ASSIGNMENT
Take nothing but the lines from the one with "原创婚庆主题双层翻糖鲜奶蛋糕(三)" through the one with "Comme vous le" in the entries below, both ends kept, and return them exactly with pictures left out.
MATERIAL SUPPLIED Start Marker
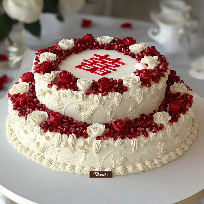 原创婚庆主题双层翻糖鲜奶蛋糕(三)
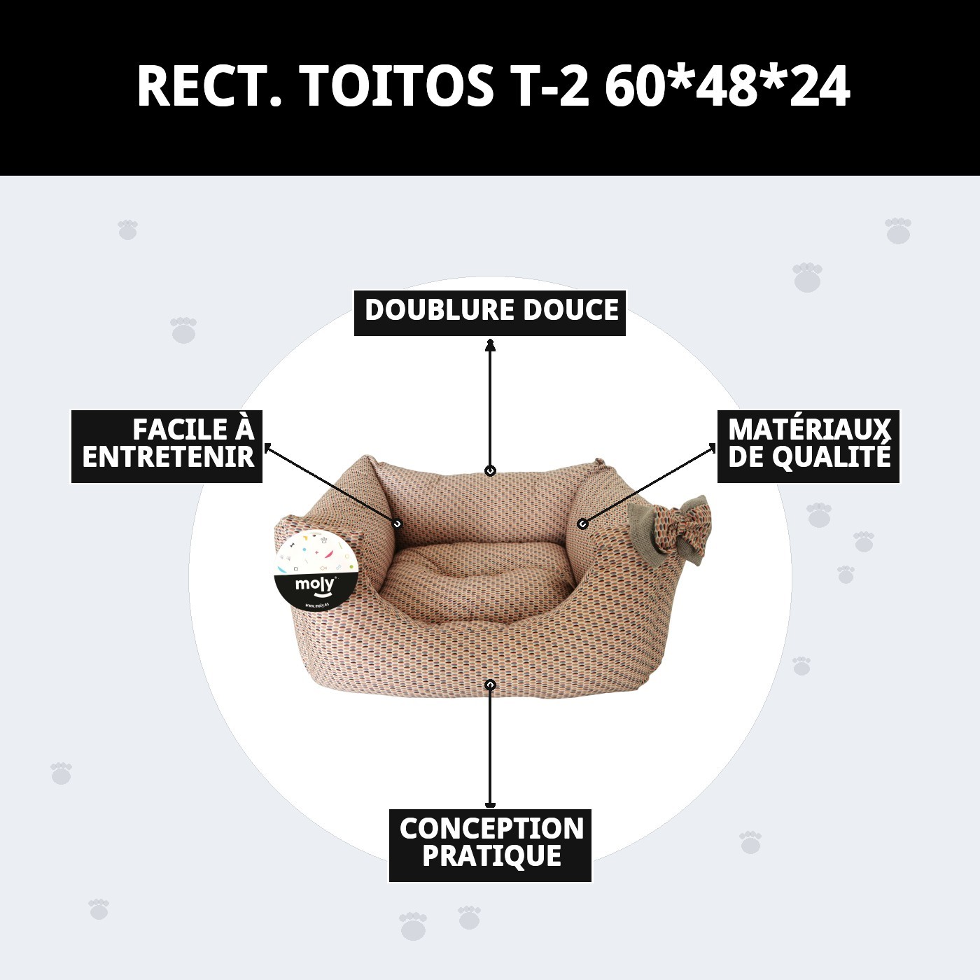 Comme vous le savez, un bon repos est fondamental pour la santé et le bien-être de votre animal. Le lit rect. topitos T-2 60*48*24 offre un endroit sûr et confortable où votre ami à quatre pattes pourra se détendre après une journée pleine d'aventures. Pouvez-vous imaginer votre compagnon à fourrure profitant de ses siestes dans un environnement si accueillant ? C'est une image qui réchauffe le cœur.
MATERIAL SUPPLIED End Marker
MATERIAL SUPPLIED Start Marker
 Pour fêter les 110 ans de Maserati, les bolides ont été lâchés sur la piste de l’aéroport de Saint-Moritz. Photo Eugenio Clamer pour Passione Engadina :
MATERIAL SUPPLIED End Marker
SOLVED PROBLEM
 原创婚庆主题双层翻糖鲜奶蛋糕(三)
 Comme vous le savez, un bon repos est fondamental pour la santé et le bien-être de votre animal. Le lit rect. topitos T-2 60*48*24 offre un endroit sûr et confortable où votre ami à quatre pattes pourra se détendre après une journée pleine d'aventures. Pouvez-vous imaginer votre compagnon à fourrure profitant de ses siestes dans un environnement si accueillant ? C'est une image qui réchauffe le cœur.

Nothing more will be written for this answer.